Here is an implementation of the joint distribution of a beta-binomial model with a bug planted!

set.seed(1)
# prior: Beta(alpha, beta)
alpha = 1
beta = 2 
n_trials = 3

buggy_joint = function(x, y) {
  if (x < 0 || x > 1) return(0.0)
  dbeta(x, alpha, beta) * dbinom(y, size = n_trials, prob = x, log = TRUE)
}

Can you spot the bug?

It mixes up log-scale and non-log-scale computations, a common mistake. Concretely, the log = TRUE argument should be removed.

Can we automatically detect there is a bug?

Exact invariance test

Building block: forward simulation-initialized MCMC

The first ingredient we need is a forward simulator:

forward = function() {
  x = rbeta(1, alpha, beta) 
  y = rbinom(1, n_trials, x)
  return(
    list(
      x = x,
      y = y
    ))
}

Next, let’s do the following:

  • Call our forward simulator. \[(x, y) \sim \text{forward()}. \]
  • Run an MCMC algorithm initialized at the \((x, y)\) we just forward simulated.
stationary_mcmc = function(joint, n_iterations) {
1  initialization = forward()
  y = initialization$y
  if (n_iterations == 0) { 
    return(initialization$x)
  } else {
2    current_x = initialization$x
3    for (i in 1:n_iterations) {
      proposed_x = current_x + rnorm(1) 
      ratio = joint(proposed_x, y) / joint(current_x, y) 
      if (runif(1) < ratio) {
        current_x = proposed_x
      }
    }
    return(current_x)
  }
}
1
Call our forward simulator.
2
Initialize the MCMC chain.
3
Perform n_iterations rounds of MCMC conditioning on the y we simulated.
  • Typically, we do MCMC on \(x\) only…
    • …but here, view the MCMC as a chain on pairs \((x, y)\).
  • Typically, MCMC targets the conditional, \(\pi(x) = p(x | y)\)
    • …but here, view it as targeting the joint, \(\pi(x, y) = p(x, y)\).
  • What is the initial distribution, \(\mu_1\)?
    • By construction, we initialize with forward(), so, \[\mu_1(x, y) = \pi(x, y).\]

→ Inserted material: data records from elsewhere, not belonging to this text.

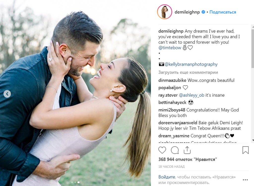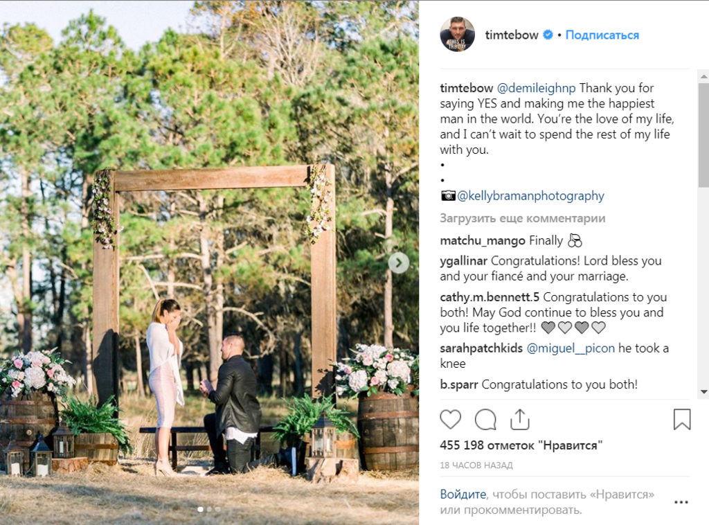 Про заручини закохані повідомили на своїх сторінках в Instagram, опублікувавши знімки. “Спасибі, що сказала “так” і зробила мене найщасливішою людиною у світі. Ти кохання всього мого життя”, — написав Тім.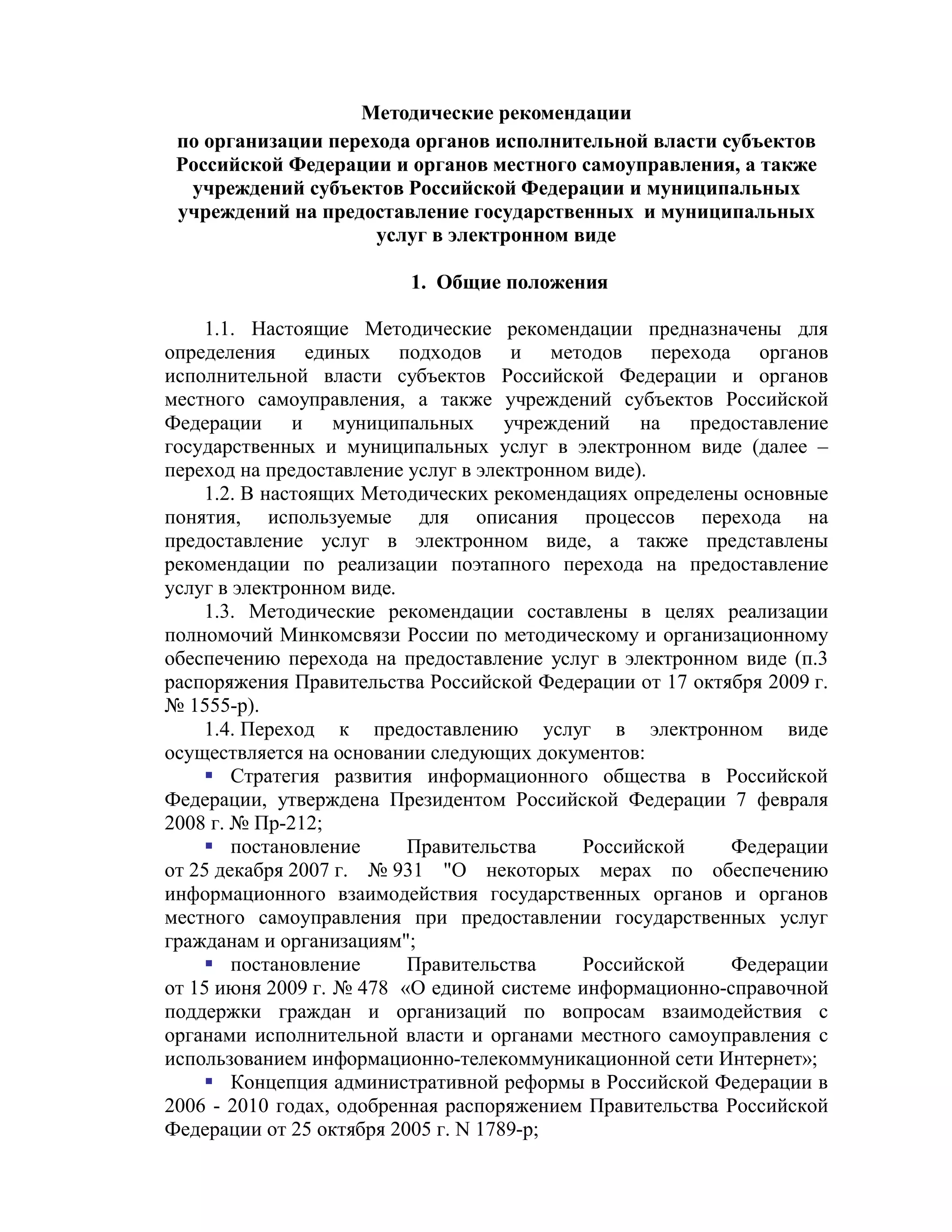 Данный документ содержит методические рекомендации по организации перехода российских органов власти и учреждений на предоставление государственных и муниципальных услуг в электронном виде. Он включает описание основных понятий, поэтапный план перехода, организационную структуру и необходимые документы для успешной реализации электронных услуг. Рекомендации направлены на единообразие и эффективность процесса информатизации и предоставления услуг гражданам.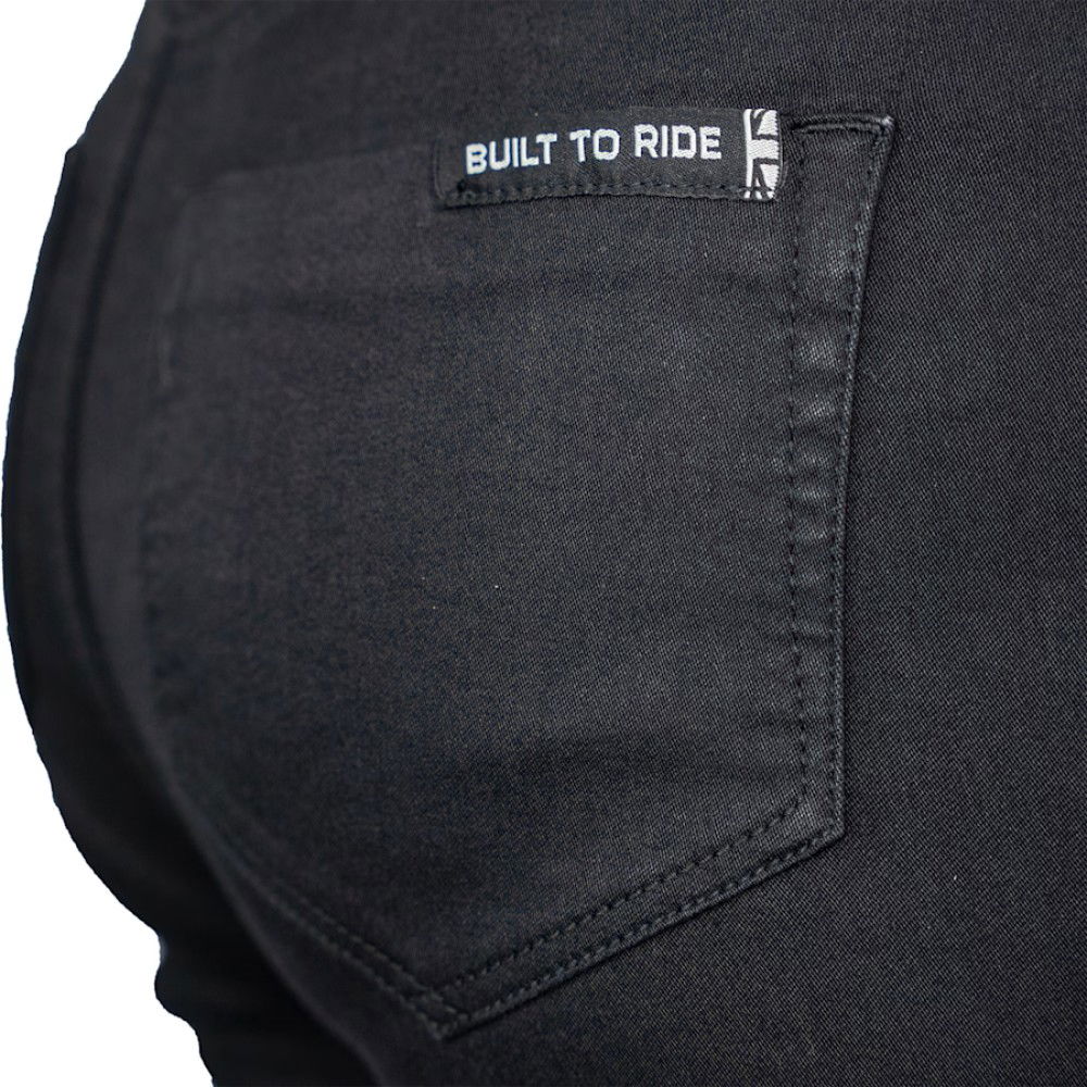 The Bull-It Fury Ladies Skinny Jeans are CE 17092-4:2020 'A' rated and made from Covec jet black super-stretch denim with additional Covec LITE reinforcement in key areas and RE ZRO CE level 1 knee armour. The high-rise provides added coverage in the seated position for exceptional comfort, featuring a skinny fit and super-stretch material. Matt black metal YKK zips and fastenings complete the stylish aesthetic, along with an embroidered Bull-It 'Bull head' logo. High-vis reflective tape gives enhanced visibility in low-light conditions.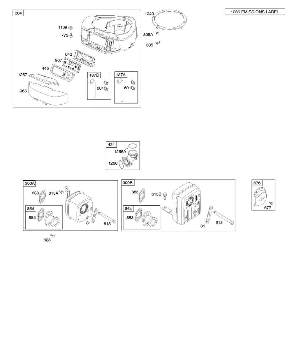 Parts for Briggs & Stratton 21A807-0166-B1: Air Cleaner, Blower Housing, Exhaust System Parts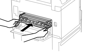 Opsamlingsvalserne til papirkassetten 1 og papirkassetten 2 til 4 er forskellige. Kontroller pilens retning i midten af opsamlingsvalserne, og sørg for, at opsamlingsvalserne er dem til papirkassette 1. Hvis du sætter de forkerte valser i, kan printeren muligvis ikke indføre papiret.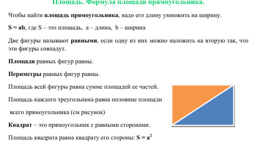 S = ab, где S – это площадь, a – длина, b – ширина Две фигуры называют равными, если одну из них можно наложить на вторую так, что эти фигуры совпадут...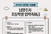 [ 한국미디어뉴스 이원희 기자 ] 남양주시는 오는 3월부터 2026년 초등학교에 입학하는 아동의 새로운 출발을 응원하기 위해 입학축하금 지원 사업을 추진한다고 3일 밝혔다. 이번 사업은 초등학교 입학이라는 중요한 생애 전환기를 맞는 아동과 가정을 실질적으로 지원하기 위해 마련한 교육복지 정책의 일환으로 추진됐다. 지원금은 지역화폐로 지급해 교육지원과 동시에 지역 내 소비 촉진의 효과를 도모할 예정이다. 지원 대상은 입학일 기준 남양주시에 주민등록을 두고, 일반 초등학교 또는 대안교육기관에 2026학년도 1학년으로 최초 입학하는 학생이다. 학생 1인당 남양주사랑상품권(지역화폐카드) 10만 원이 지급될 예정이다. 신청은 3일부터 8월 31일까지 남양주시청 누리집 또는 거주지 읍면동 주민센터 방문을 통해 가능하다. 아동과 함께 주민등록이 등재된 부모 또는 사실상 양육자가 신청할 수 있다. 신청자는 본인 명의 휴대전화에 경기지역화폐 애플리케이션을 설치 후 남양주사랑상품권을 등록해야 하며, 지원금은 신청일이 속한 달의 다음 달 말일에 지급된다. 지급된 입학축하금은 지급일 기준으로 3년 이내 사용해야 한다.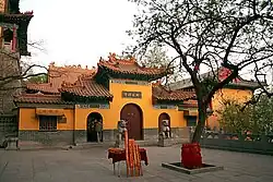 Under the eaves of the Shanmen is a plaque with the Chinese characters "Xingguo Chan Temple" written by former Venerable Master of the Buddhist Association of China Zhao Puchu. In front of the hall, a wooden plaque with a couplet is hung on the two side pillars. It says "暮鼓晨钟,惊醒世间名利客;经声佛号,唤回苦海梦迷人". It was composed and inscribed by Qing dynasty scholar Yang Zhaoqing (杨兆庆).[2]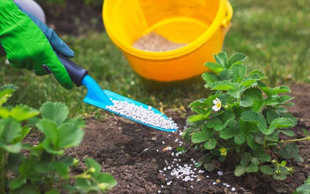 Так как клубника работает и выдает плоды безостановочно почти весь сезон – то вполне логично, что ей нужна постоянная подкормка: еще на стадии подготовки почвы закладываются удобрения с содержанием фосфора, а также в течение роста и развития кусты снабжают азотом и калием.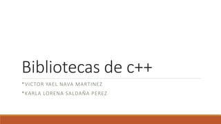 Las bibliotecas en C++ son archivos que contienen funcionalidades ya construidas que pueden agregarse a un programa para ahorrar tiempo y esfuerzo. Algunas bibliotecas estándar incluyen iostream, string, vector y math. Las bibliotecas se declaran usando #include y el espacio de nombres std, y proveen funciones útiles como entrada/salida, manejo de cadenas y operaciones matemáticas.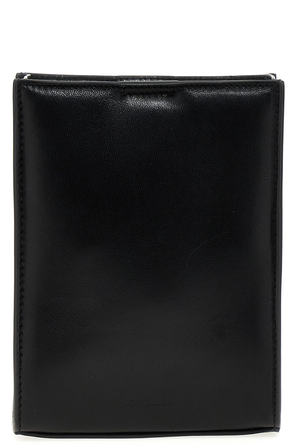 cod. J08WG0018P4845001 'Tangle' supple leather crossbody bag with fixed plaited nappa shoulder strap, front tonal logo, magnetic closure. Color: Black Size & Fit: W 14 x H 18 x D 4.5 cm Composition: 100% calf leather (Bos Taurus)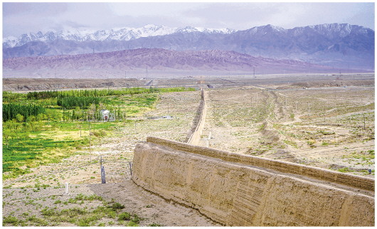 甘肃省山丹县新河驿段长城与公路并行。记者沿着河西走廊驱车行进,只见长城矗立在戈壁滩上,墙体方正整齐,与群山、戈壁相互融合,景象蔚为壮观。这段长城全长17公里,2017年修复约4公里,有围栏围护,防止羊群和游客随意攀爬,向外延伸的保护范围则用界桩明确标示。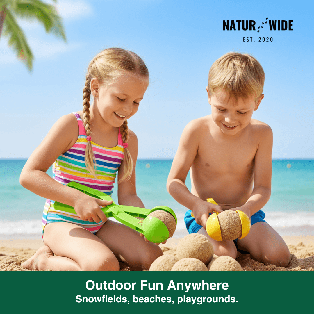 But the fun doesn't end in winter! Take the Snowball Maker to the beach or sandbox in the summer. It works excellently with wet sand to form perfect sand balls. A simple yet brilliant tool that encourages children to play outside in nature.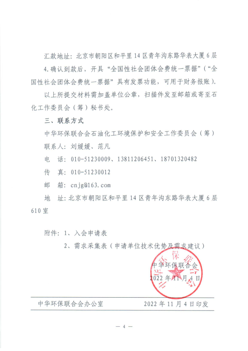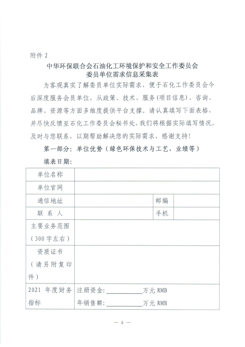 关于邀请加入中华环保联合会石油化工环境保护和安全工作委员会(筹)的函

Question: if the code is correct, what is the distribution \(\mu_2\) of the chain after one iteration, i.e., the distribution of \((X^{(2)}, Y^{(2)})\)?

Repeat 2000 times

  • We now repeat what we just did 1000 times.
  • We also do forward simulation alone, 1000 times (by setting n_iterations to zero).
exact_invariance = function(joint) {
  forward_only = replicate(1000, stationary_mcmc(joint, 0))
  with_mcmc    = replicate(1000, stationary_mcmc(joint, 200))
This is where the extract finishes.